→ Requirement: Repeat the listing exactly as given, omitting every image.
──────── Collected material ────────
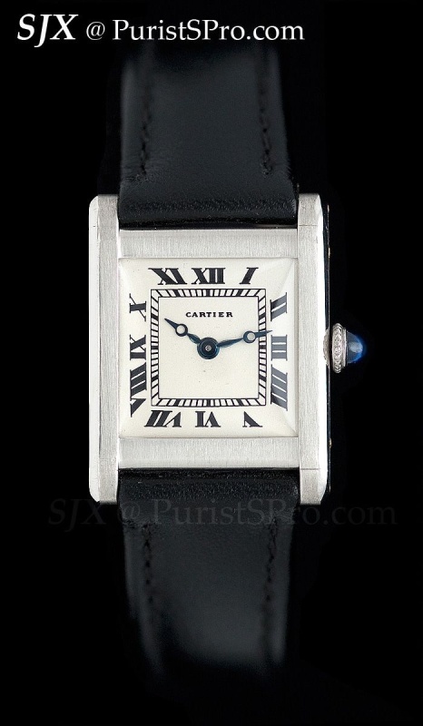 This is not strictly a Tank due to the case shape; the lugs have a sharp downward curve when viewed from the side. This is one of my favourites because it has an outstanding movement and also it is quite modern in size due to the large calibre.
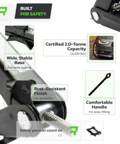 1. CAPACIDAD DE CARGA Rango de Elevación de Automóvil de 3.9″ (100mm) a 15.2″(385mm). Peso Máximo de Carga: 2.0 Toneladas (4,409 lbs). Peso Neto del Gato de Coche 4.84 lbs (2.2kg).
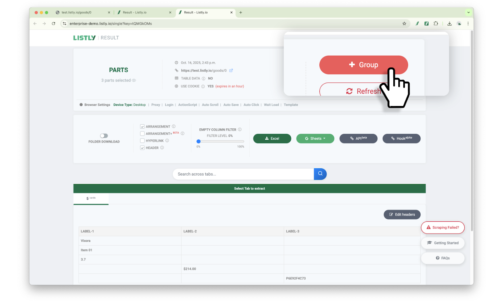 Cuando se publican nuevas publicaciones o productos en una página de lista, la URL de esa subpágina se agrega automáticamente al grupo y procede la extracción. Al usar la función de recopilación automática de subpáginas, puede detectar automáticamente las listas modificadas y recopilar nuevos datos sin necesidad de recopilar o actualizar direcciones una por una.
────────
→ Answer section:
 This is not strictly a Tank due to the case shape; the lugs have a sharp downward curve when viewed from the side. This is one of my favourites because it has an outstanding movement and also it is quite modern in size due to the large calibre.
 1. CAPACIDAD DE CARGA Rango de Elevación de Automóvil de 3.9″ (100mm) a 15.2″(385mm). Peso Máximo de Carga: 2.0 Toneladas (4,409 lbs). Peso Neto del Gato de Coche 4.84 lbs (2.2kg).
 Cuando se publican nuevas publicaciones o productos en una página de lista, la URL de esa subpágina se agrega automáticamente al grupo y procede la extracción. Al usar la función de recopilación automática de subpáginas, puede detectar automáticamente las listas modificadas y recopilar nuevos datos sin necesidad de recopilar o actualizar direcciones una por una.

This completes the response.